Nonetheless, the grip Trump has on half or more of the GOP voter base makes him non just formidable simply unavoidable as the party plans for the midterm elections in 2022 and the ultimate question of a nominee in 2024.

To exist clear, Trump has not said he will run once more in 2024. On the day he left Washington he spoke of a return "in some form" but was vague about how that might happen. He has sent aides to discourage talk of his forming a third party.

For the time being, at least, Trump seems intent on wielding influence in the Republican Party he has dominated for the past v years — making it articulate he will be involved in primaries in 2022 confronting Republicans who did not support his campaign to overturn the election results.

That is no idle threat. Most Trump supporters have shown remarkable loyalty throughout the post-election traumas, even after the anarchism in the U.S. Capitol. The fierceness of that attachment has sobered those in the GOP who had thought Trump's era would wane after he was defeated. But Trump has been able to hold the popular imagination within his party, largely by convincing many that he was non defeated.

The results of the election accept been certified in all 50 states past governors and state officials of both parties, and in that location is no bear witness for any of the conspiracy theories questioning their validity. Yet, multiple polls have shown Trump supporters continue to believe he was unjustly removed from office.

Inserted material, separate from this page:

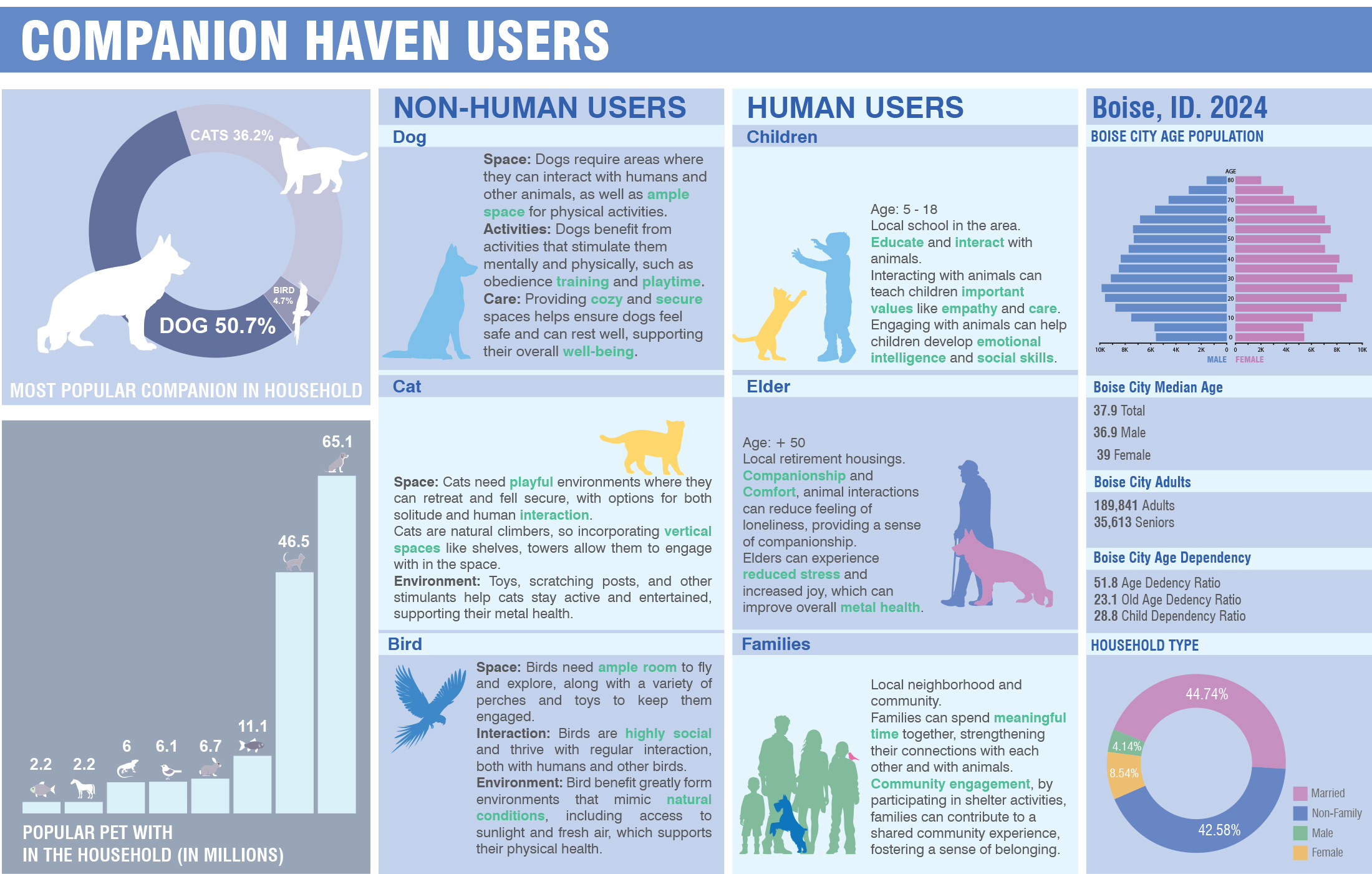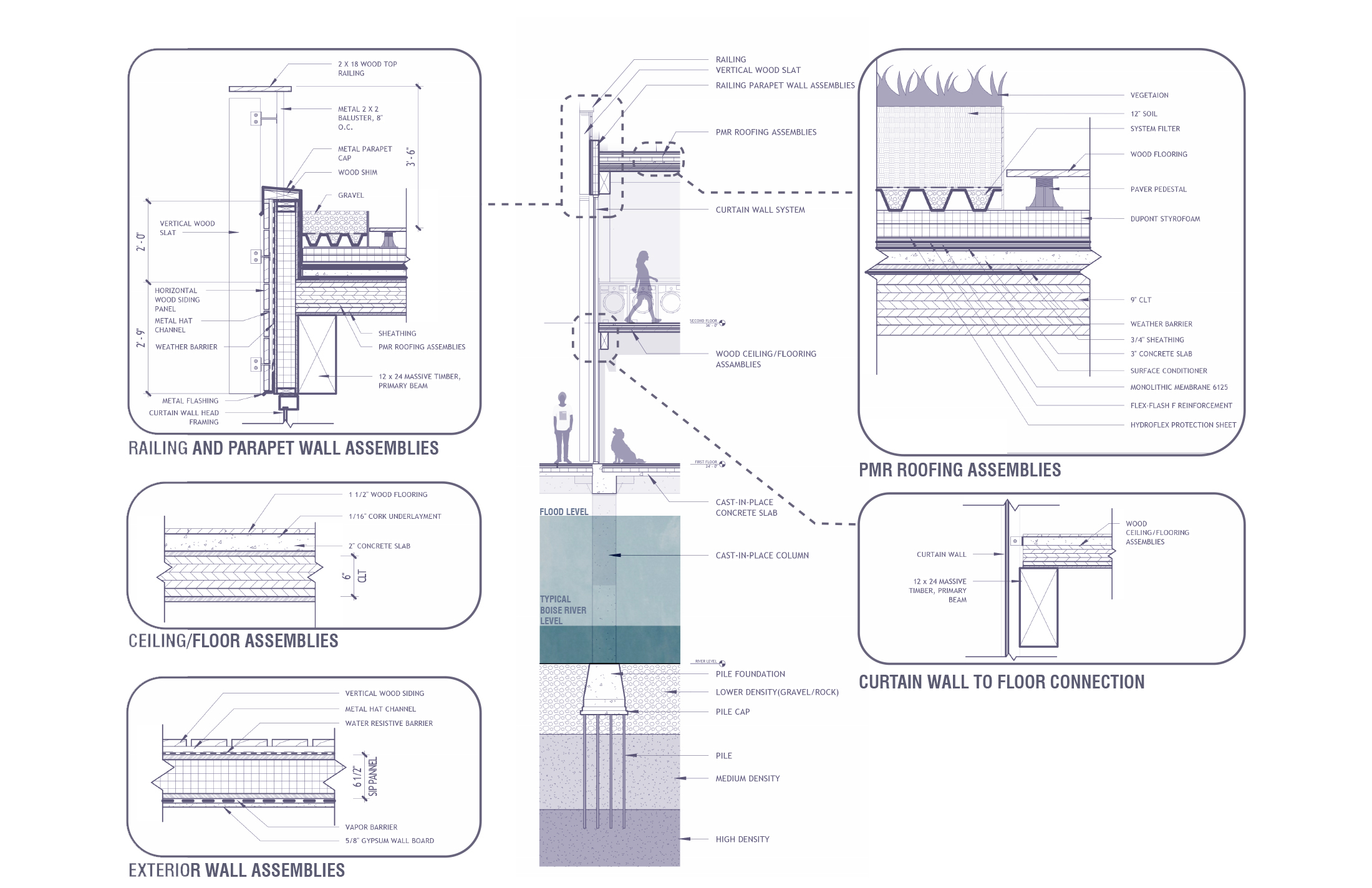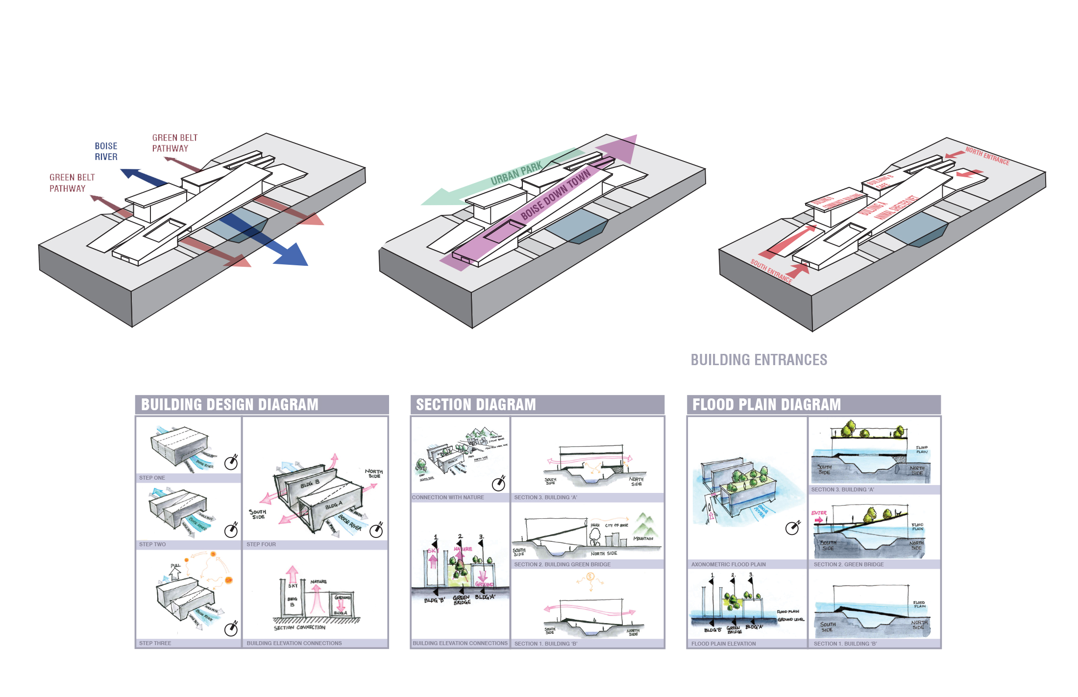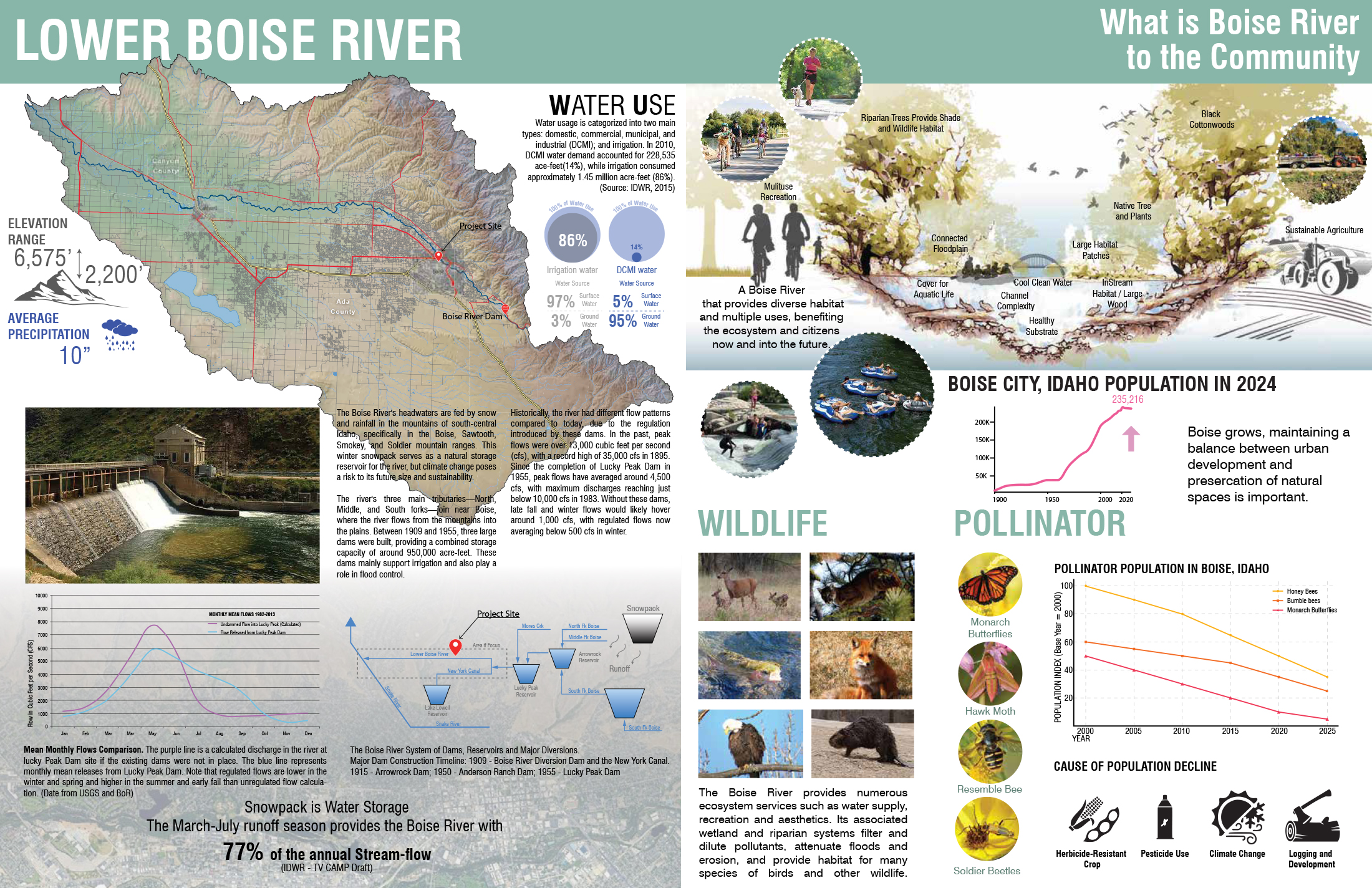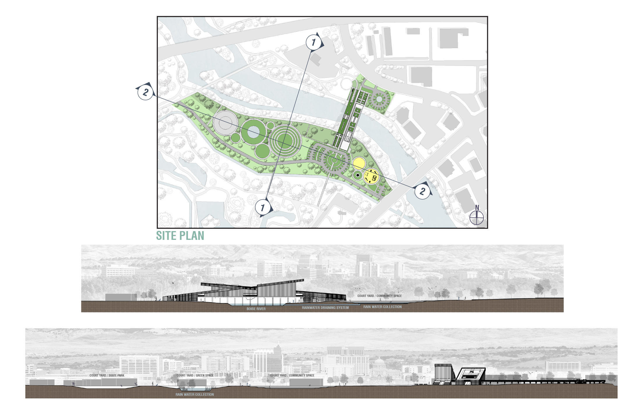 “Companion Haven” reimagines an animal shelter as a multi-species performative system—one that challenges anthropocentric norms by fostering spatial and sensory connections among human and non-human species. Situated within the Boise River watershed, the project engages the temporal rhythms of a dynamic riverine ecosystem, integrating seasonal design strategies for both flooding and drought conditions. Through cross-species programming, habitat-responsive site design, and community-oriented spaces, the proposal advances architecture as an adaptive infrastructure—supporting interspecies coexistence, environmental literacy, and shared use across shifting climatic and ecological conditions.

Assuming Trump is not bedevilled on his impeachment charge of inciting an insurrection before the Jan. 6 invasion of the Capitol, he will non face a ban on hereafter campaigns.

Some believe Trump might still be kept out of federal office by an invocation of the 14th Amendment. That part of the Constitution, added after the Civil State of war with old Amalgamated officers in mind, banned any who had "engaged in coup" against the government.

Only that wording could well be read to require action against the government, non just incitement of others to action by incendiary speech communication. It could also require lengthy litigation in federal courts and a balancing of the 14th Subpoena with the gratuitous voice communication protections of the First Subpoena.

All that tin be said at this signal is that the former president will settle into a post-presidential routine far from his previous homes in Washington and New York City. And the greatest obstacle to his return to power would seem to exist the design of history regarding the postal service-presidential careers of his predecessors.